**Problem to work on**
Transcribe exactly the lines below that begin at the line with "- đWIDE APPLICATION" and stop after the line with "- 나쁜 예: 면 100% 사용, 오버핏 사이즈, 베이지/블랙 컬러", leaving out every picture.

**Recorded data**
□ □ □ □ □
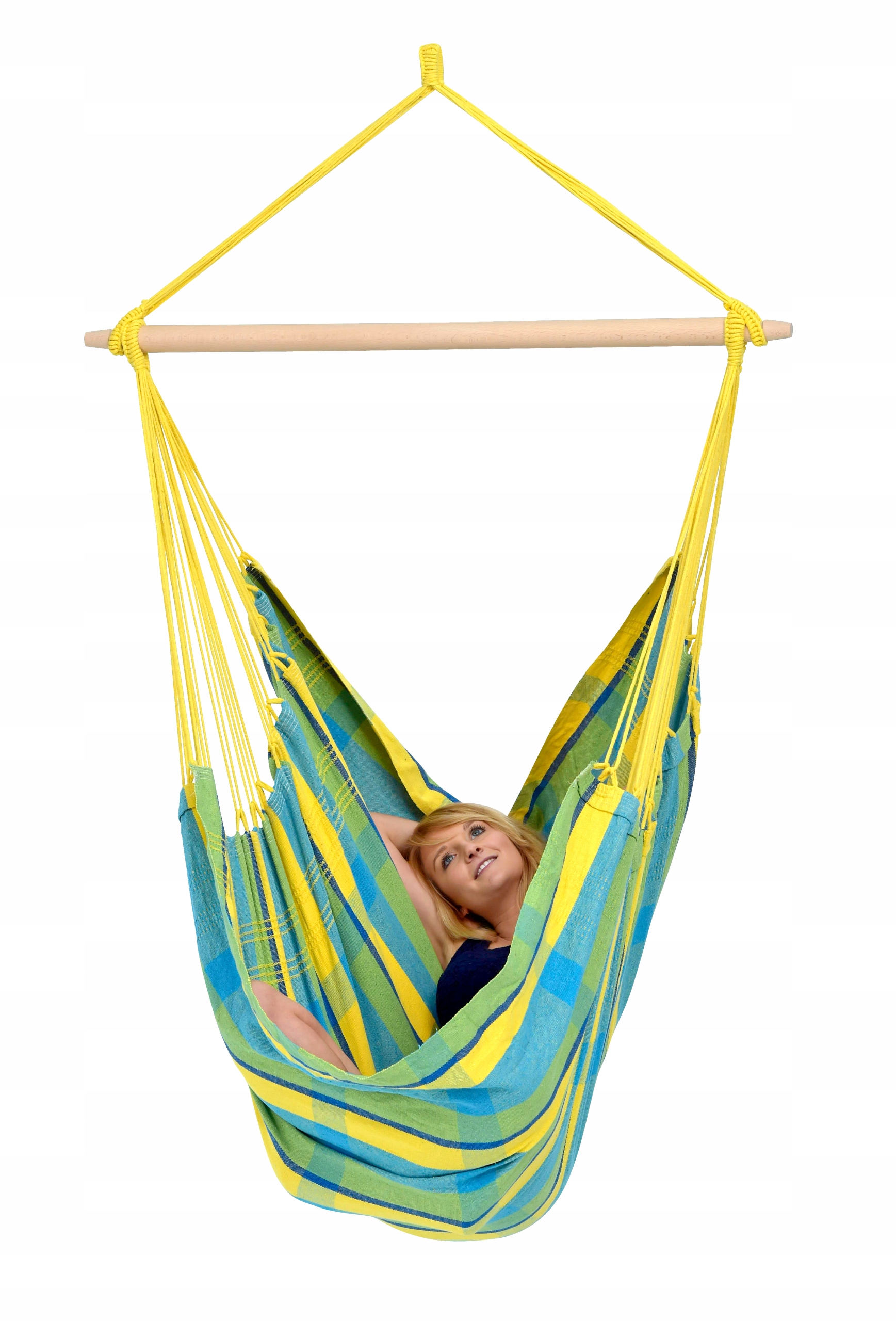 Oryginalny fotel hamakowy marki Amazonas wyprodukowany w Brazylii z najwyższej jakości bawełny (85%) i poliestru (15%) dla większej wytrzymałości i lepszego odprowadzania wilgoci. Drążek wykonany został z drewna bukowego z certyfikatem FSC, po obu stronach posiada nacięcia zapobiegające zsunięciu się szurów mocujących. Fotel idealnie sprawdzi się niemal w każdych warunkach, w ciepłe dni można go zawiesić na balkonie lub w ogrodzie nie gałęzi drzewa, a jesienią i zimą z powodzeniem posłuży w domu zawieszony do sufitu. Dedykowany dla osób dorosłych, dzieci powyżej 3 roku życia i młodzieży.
□ □ □ □ □
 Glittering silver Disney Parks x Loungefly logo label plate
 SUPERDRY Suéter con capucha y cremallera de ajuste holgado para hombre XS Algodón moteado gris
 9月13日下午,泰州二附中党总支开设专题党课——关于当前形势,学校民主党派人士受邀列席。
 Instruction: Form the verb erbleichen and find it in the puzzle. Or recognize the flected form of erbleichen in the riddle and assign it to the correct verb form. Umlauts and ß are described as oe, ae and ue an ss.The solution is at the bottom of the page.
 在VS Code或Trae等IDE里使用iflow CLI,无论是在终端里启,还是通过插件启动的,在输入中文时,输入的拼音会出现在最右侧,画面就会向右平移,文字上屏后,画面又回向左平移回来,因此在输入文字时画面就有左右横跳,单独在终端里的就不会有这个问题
□ □ □ □ □
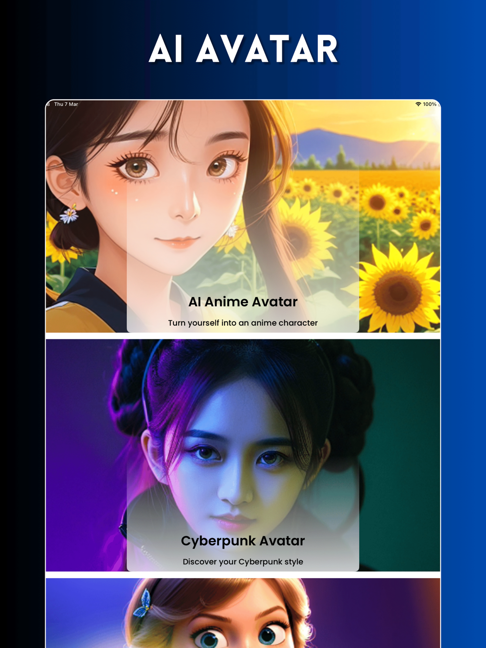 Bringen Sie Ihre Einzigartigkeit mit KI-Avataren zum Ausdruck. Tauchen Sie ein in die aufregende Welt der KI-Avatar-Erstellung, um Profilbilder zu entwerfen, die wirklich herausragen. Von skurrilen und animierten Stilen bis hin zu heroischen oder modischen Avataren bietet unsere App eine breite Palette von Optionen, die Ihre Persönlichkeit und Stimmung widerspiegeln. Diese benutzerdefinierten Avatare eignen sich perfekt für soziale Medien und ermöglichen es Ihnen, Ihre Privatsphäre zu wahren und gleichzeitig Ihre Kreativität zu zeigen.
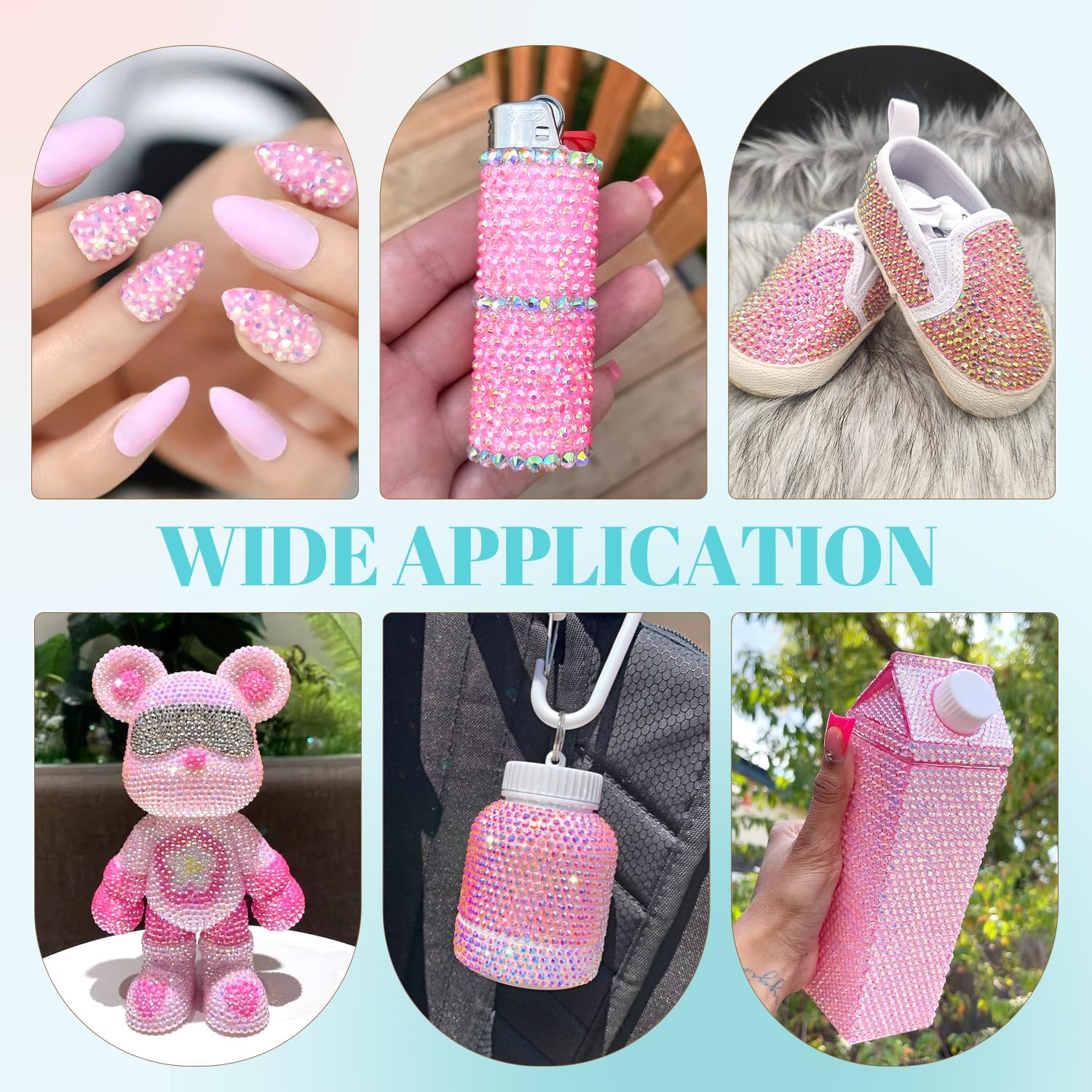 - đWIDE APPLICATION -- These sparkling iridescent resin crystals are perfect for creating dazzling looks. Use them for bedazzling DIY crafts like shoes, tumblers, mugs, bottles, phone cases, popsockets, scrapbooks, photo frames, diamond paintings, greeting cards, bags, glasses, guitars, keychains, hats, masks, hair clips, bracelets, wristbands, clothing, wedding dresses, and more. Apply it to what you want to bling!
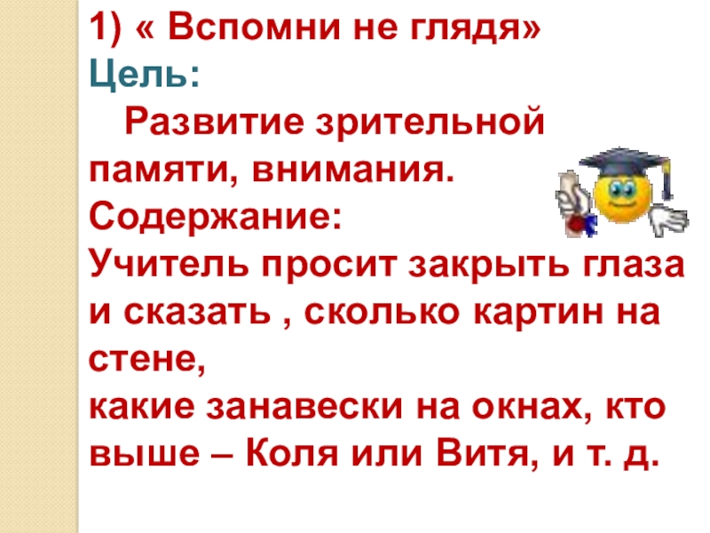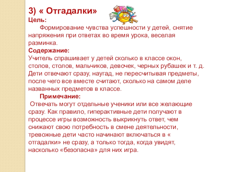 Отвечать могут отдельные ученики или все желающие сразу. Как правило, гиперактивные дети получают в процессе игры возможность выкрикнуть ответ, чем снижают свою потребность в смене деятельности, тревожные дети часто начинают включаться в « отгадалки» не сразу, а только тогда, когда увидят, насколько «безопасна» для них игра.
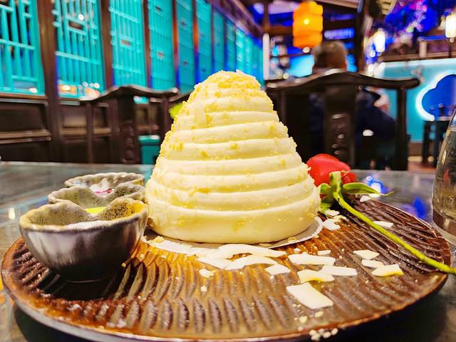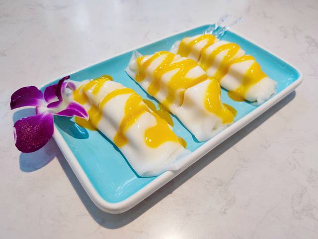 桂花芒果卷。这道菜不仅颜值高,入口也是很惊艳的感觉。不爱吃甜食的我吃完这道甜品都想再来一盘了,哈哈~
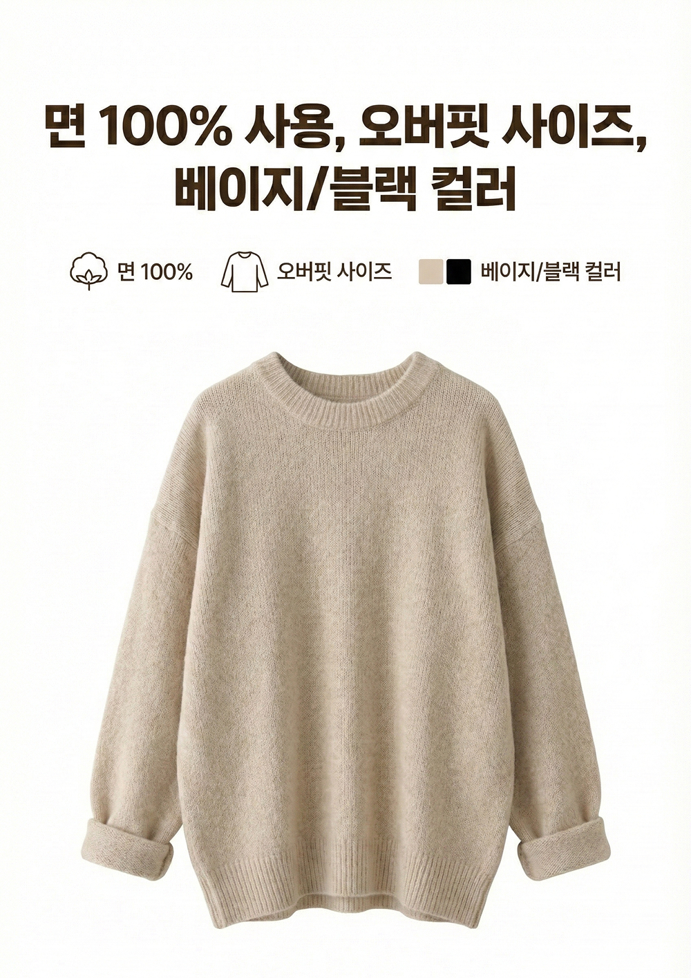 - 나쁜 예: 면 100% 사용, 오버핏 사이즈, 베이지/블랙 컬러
□ □ □ □ □
**Result for this exercise**
 - đWIDE APPLICATION -- These sparkling iridescent resin crystals are perfect for creating dazzling looks. Use them for bedazzling DIY crafts like shoes, tumblers, mugs, bottles, phone cases, popsockets, scrapbooks, photo frames, diamond paintings, greeting cards, bags, glasses, guitars, keychains, hats, masks, hair clips, bracelets, wristbands, clothing, wedding dresses, and more. Apply it to what you want to bling!
 Отвечать могут отдельные ученики или все желающие сразу. Как правило, гиперактивные дети получают в процессе игры возможность выкрикнуть ответ, чем снижают свою потребность в смене деятельности, тревожные дети часто начинают включаться в « отгадалки» не сразу, а только тогда, когда увидят, насколько «безопасна» для них игра.
 桂花芒果卷。这道菜不仅颜值高,入口也是很惊艳的感觉。不爱吃甜食的我吃完这道甜品都想再来一盘了,哈哈~
 - 나쁜 예: 면 100% 사용, 오버핏 사이즈, 베이지/블랙 컬러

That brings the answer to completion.